In the illustrated embodiment, the pump assembly comprises a second packer 40 sealed against the tubular casing sidewall and a bottom seal manifold 30 carried by the second packer. The bottom seal manifold defines both the pump intake and the pump discharge ports. An axial pull tube 11 extends upwardly from the bottom seal manifold. An inside of the axial pull tube is in flow communication with the pump intake. The axial pull tube has an upper end forming a valve face and at least one radial port 66 spaced apart from the upper end forming a flow path between the inside of the axial pull tube and an annulus between the outside of the axial pull tube and the inside of the pump traveling barrel. An annular seal 77 is mounted to an outside surface of the axial pull tube slidably sealingly engaged with an inner surface of the pump traveling barrel. An annular standing valve 44 is mounted to an inside of the pump traveling barrel for sealing against the valve face at the upper end of the axial pull tube when the pump traveling barrel is urged down.

Preferably, a drop tube 50 extends downwardly from the bottom seal manifold in flow communication with the pump discharge. The drop tube forms a discharge into the separation zone. Also, the tubing 120 extending from an upper end of the separation chamber to the wellhead is preferably located along an axis of the wellbore.

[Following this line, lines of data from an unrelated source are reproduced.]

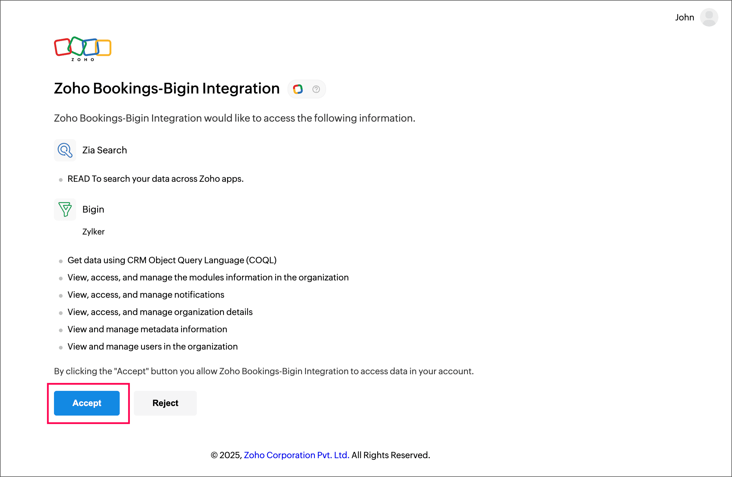 - Only the admin who integrated the connection can reauthorize the Bigin connection if the connection is revoked.
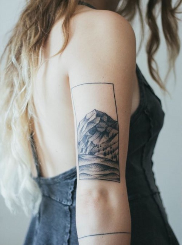 女生手臂简单的黑色小山丘纹身图案
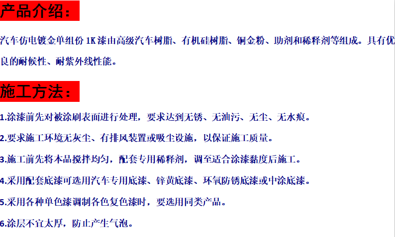 五、油漆属于工业品,在使用中有很多的不可见因数,不清楚的地方可咨询在线客服或联系工厂工程师,谢谢配合!

FIG. 1 is an overview of the invention. The invention is applicable to a production well having a suitable producing zone separated a distance above a suitable disposal zone. The well is cased in the usual way. Casing perforations establish flow communication with the producing zone. Casing perforations are provided to establish flow communication with the disposal zone.

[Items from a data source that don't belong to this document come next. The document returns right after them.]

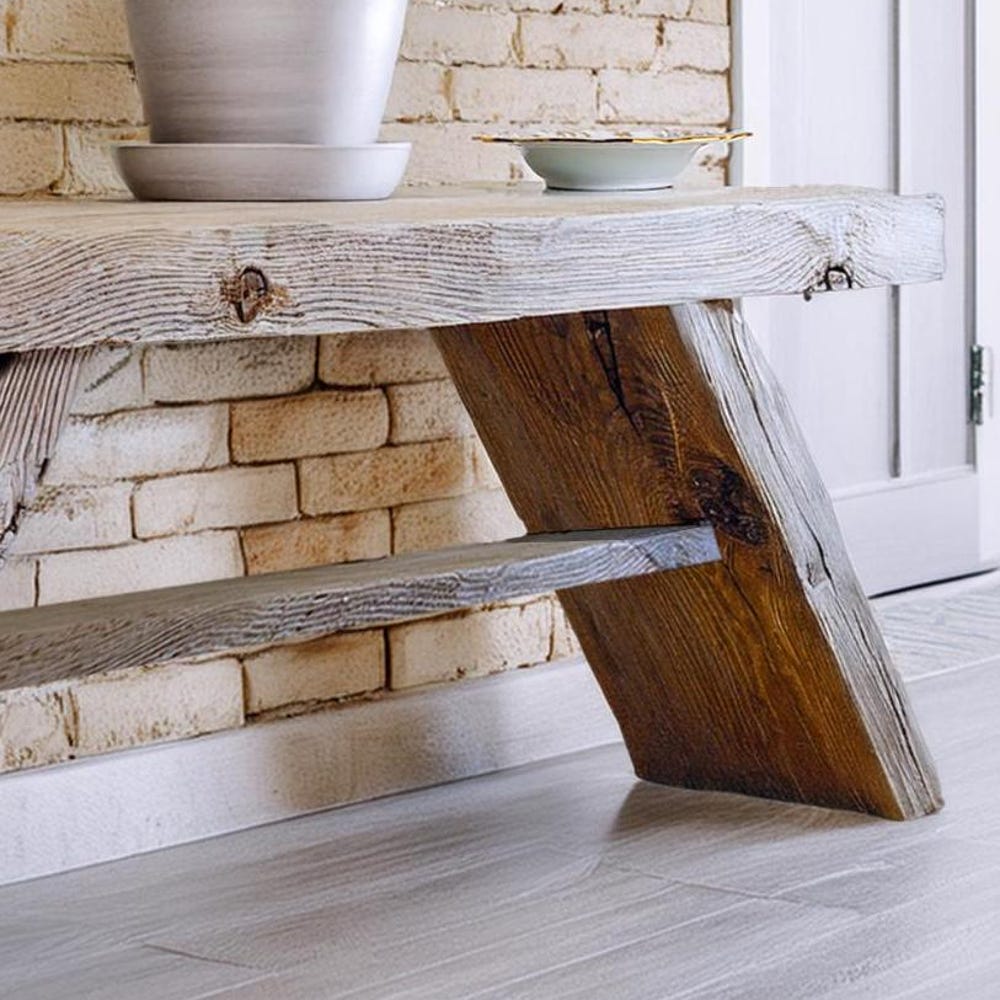 Live Edge Detail: Features a beautiful live edge, showcasing the natural charm of reclaimed wood.
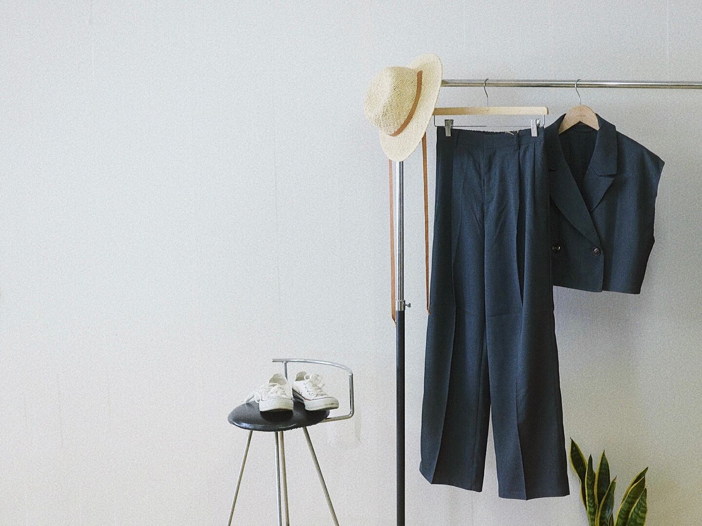同生地のショート丈ジャケットと合わせるとセットアップスタイルに。(チャコールのみ)
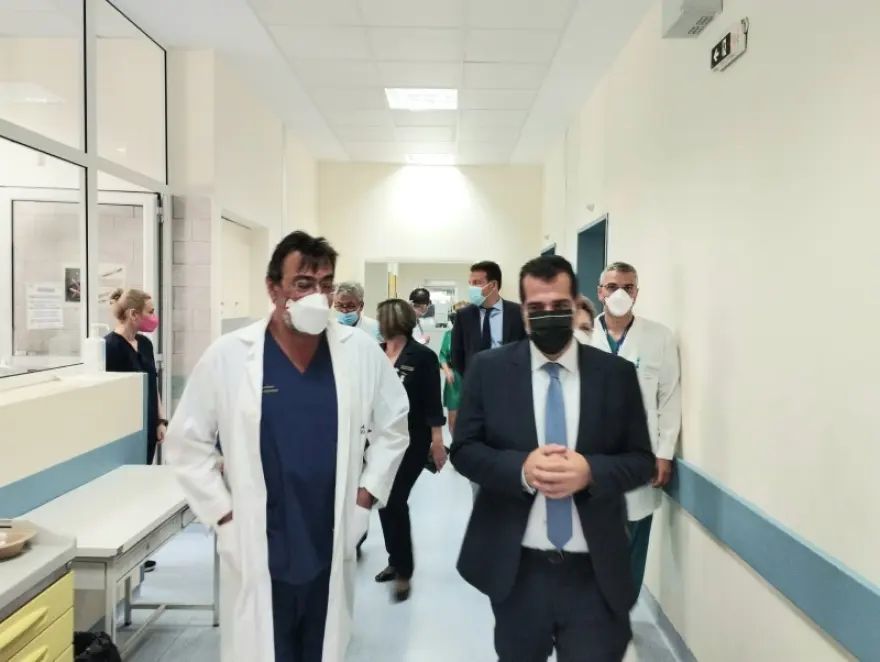 Ο υπουργός Υγείας, Θάνος Πλεύρης, επισκέφθηκε το πρωί της Τετάρτης το νοσοκομείο «Λαϊκό».

A packer 40 separates the producing zone from the disposal zone. The casing contains adequate volume between the producing zone and the packer 40 to permit any gases introduced into the casing from the producing zone to separate from any liquids introduced into the casing from the producing zone. If desired, emulsion breaking chemicals can be introduced into the volume to facilitate oil/water phase separation in the oil/water separation chamber situated beneath the packer 40.

A pump 20 is mechanically attached to the packer 40. Although electric pumps could be employed in the invention, a mechanical pump is preferred, to reduce shear which contributes to emulsification. The pump is preferably operated by a sucker rod string extending from a motor at the wellhead. The power stroke is preferably the upstroke, to avoid excessive wear or possible buckling of the sucker rod string.

As shown in FIG. 4, the oil/water mixture enters the pump through inlets in a bottom manifold 30 positioned adjacent the packer. An inner oil tube passes axially through the pump from the separation zone to the wellhead. A pull tube 11 is positioned radially outward from the inner oil tube and mechanically connected to the bottom manifold 30. As shown by FIG. 5, an outer barrel 20 is positioned radially outward from the pull tube and is mechanically attached to the sucker rod by means of the pull rod. A pump chamber is defined radially from the inner oil tube to the outer barrel, and axially from the standing valve 44 to the upper limit of the outer barrel where it seals against the pull rod. The pump chamber expands and fills during the upstroke, simultaneously forcing fluid existing outside the pump chamber downward through the ports in the bottom in the bottom manifold into the separation chamber. On the down stroke, the seal between the traveling barrel and the pull rod is unseated, the standing valve closes, allowing the fluid within the pump chamber to exhaust upward outside of the pump chamber, and preventing the flow of fluid inside the pump chamber downward through the pull tube. The fluid exits the downflow annular chamber via passages through the bottom manifold 30 and flows into a pump discharge tube extending downwardly through the packer and extending into the separation chamber. The pump discharge tube preferably extends into the separation zone several feet, and is provided with apertures through its sidewall and is sealed at its bottom end to introduce fluids into the separation zone without introducing a lot of turbulence. If desired, the discharge tube and/or annulus between the discharge tube and the casing can be packed with an oil coagulation media, such as a high surface area material formed from polyvinylchloride, polypropylene, or stainless steel.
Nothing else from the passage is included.